┌──

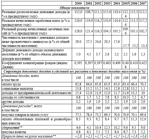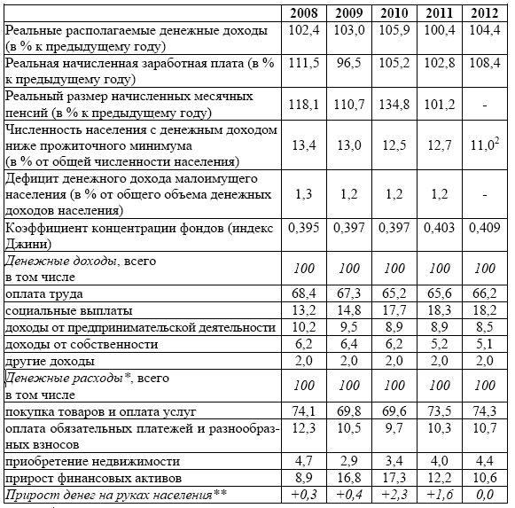 Так, росли располагаемые денежные доходы (в реальном выражении), номинальная и реальная заработная плата, абсолютные значения сбережений, в структуре доходов стабилизировалась доля оплаты труда, наметилась тенденция к сокращению количества лиц, имеющих доход ниже прожиточного минимума. Неоднозначна оценка своего финансового положения самими домохозяйствами.
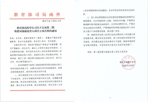 教育部高校学生司关于公布第二期供需就业育人项目立项名单的通知
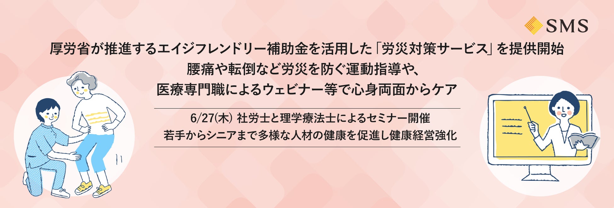 厚労省が推進するエイジフレンドリー補助金を活用した「労災対策サービス」を提供開始。腰痛や転倒など労災を防ぐ運動指導や、医療専門職によるウェビナー等で心身両面からケア
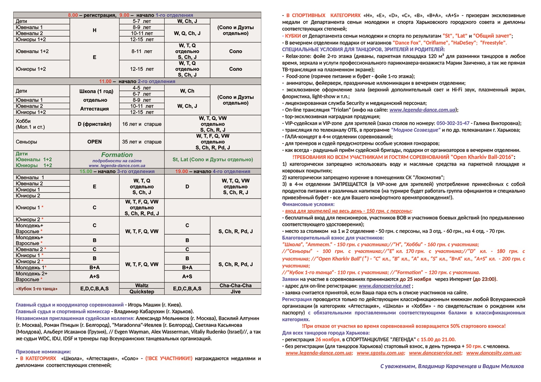 Организаторы - Владимир Караченцев и Вадим Мелихов при всемерной поддержке Департамента по делам Семьи, Молодёжи и Спорта Харьковского Городского Совета, IDU, СГОСТУ, ФТСУ и других Всеукраинских Танцевальных Организаций.
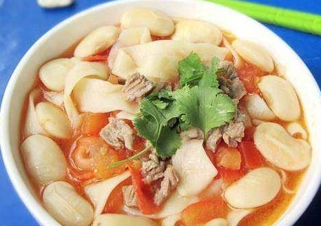 面粉、白豆、羊肉、西红柿、植物油、盐、羊肉汤、香菜、胡椒粉、花椒粒、洋葱、鸡精、虾酱

└──

(ACTION ITEM)
To complete this exercise, repeat exactly the lines above from the one holding "Организаторы - Владимир" to the end of the listing, both included, and leave the pictures out.

(SOLUTION TO THE PROBLEM)
 Организаторы - Владимир Караченцев и Вадим Мелихов при всемерной поддержке Департамента по делам Семьи, Молодёжи и Спорта Харьковского Городского Совета, IDU, СГОСТУ, ФТСУ и других Всеукраинских Танцевальных Организаций.
 面粉、白豆、羊肉、西红柿、植物油、盐、羊肉汤、香菜、胡椒粉、花椒粒、洋葱、鸡精、虾酱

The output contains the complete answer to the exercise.